▸ PROBLEM TO WORK ON: Please repeat every record below exactly as written, but leave out the pictures.

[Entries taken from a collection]
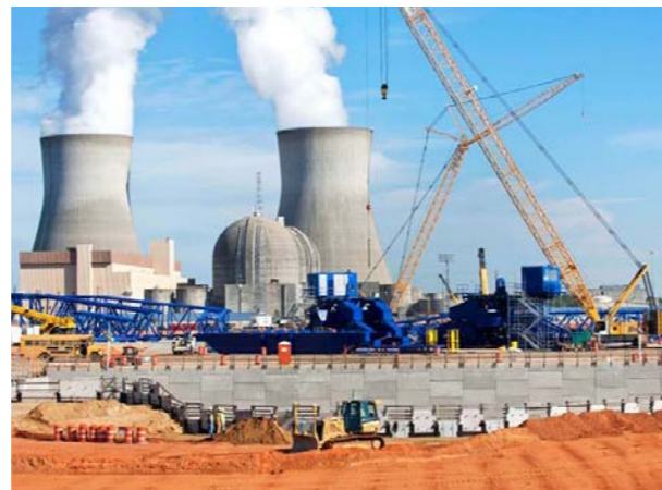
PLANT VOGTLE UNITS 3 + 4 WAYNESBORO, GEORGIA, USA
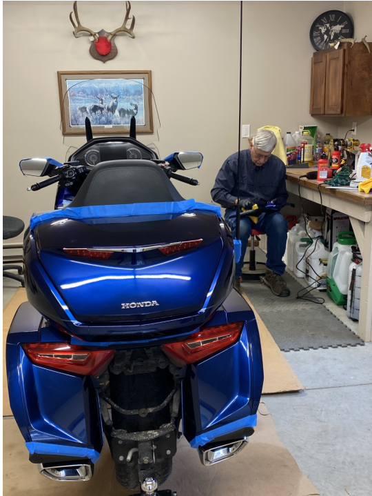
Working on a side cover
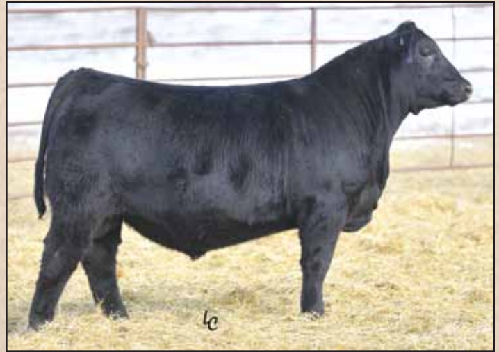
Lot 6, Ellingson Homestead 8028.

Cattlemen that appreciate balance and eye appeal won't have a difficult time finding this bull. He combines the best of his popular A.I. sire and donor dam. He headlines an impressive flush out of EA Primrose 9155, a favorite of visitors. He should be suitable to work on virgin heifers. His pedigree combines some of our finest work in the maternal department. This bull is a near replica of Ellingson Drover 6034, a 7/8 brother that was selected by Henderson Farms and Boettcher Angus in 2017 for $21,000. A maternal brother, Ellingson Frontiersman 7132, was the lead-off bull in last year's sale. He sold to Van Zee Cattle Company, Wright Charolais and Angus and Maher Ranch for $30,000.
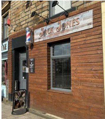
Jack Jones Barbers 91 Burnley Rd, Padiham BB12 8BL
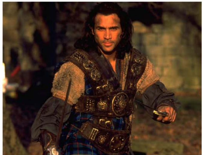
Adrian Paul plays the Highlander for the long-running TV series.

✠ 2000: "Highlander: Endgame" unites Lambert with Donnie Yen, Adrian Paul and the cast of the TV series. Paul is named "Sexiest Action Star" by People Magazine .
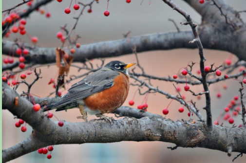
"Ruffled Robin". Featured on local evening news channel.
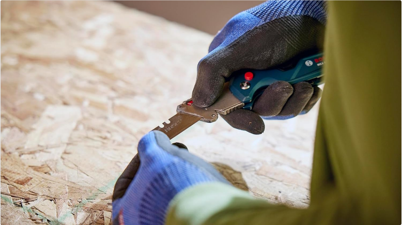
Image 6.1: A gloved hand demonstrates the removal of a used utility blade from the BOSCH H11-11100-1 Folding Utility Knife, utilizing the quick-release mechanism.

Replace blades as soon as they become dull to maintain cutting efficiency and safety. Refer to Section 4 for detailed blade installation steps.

▸ YOUR RESPONSE:
PLANT VOGTLE UNITS 3 + 4 WAYNESBORO, GEORGIA, USA
Working on a side cover
Lot 6, Ellingson Homestead 8028.

Cattlemen that appreciate balance and eye appeal won't have a difficult time finding this bull. He combines the best of his popular A.I. sire and donor dam. He headlines an impressive flush out of EA Primrose 9155, a favorite of visitors. He should be suitable to work on virgin heifers. His pedigree combines some of our finest work in the maternal department. This bull is a near replica of Ellingson Drover 6034, a 7/8 brother that was selected by Henderson Farms and Boettcher Angus in 2017 for $21,000. A maternal brother, Ellingson Frontiersman 7132, was the lead-off bull in last year's sale. He sold to Van Zee Cattle Company, Wright Charolais and Angus and Maher Ranch for $30,000.
Jack Jones Barbers 91 Burnley Rd, Padiham BB12 8BL
Adrian Paul plays the Highlander for the long-running TV series.

✠ 2000: "Highlander: Endgame" unites Lambert with Donnie Yen, Adrian Paul and the cast of the TV series. Paul is named "Sexiest Action Star" by People Magazine .
"Ruffled Robin". Featured on local evening news channel.
Image 6.1: A gloved hand demonstrates the removal of a used utility blade from the BOSCH H11-11100-1 Folding Utility Knife, utilizing the quick-release mechanism.

Replace blades as soon as they become dull to maintain cutting efficiency and safety. Refer to Section 4 for detailed blade installation steps.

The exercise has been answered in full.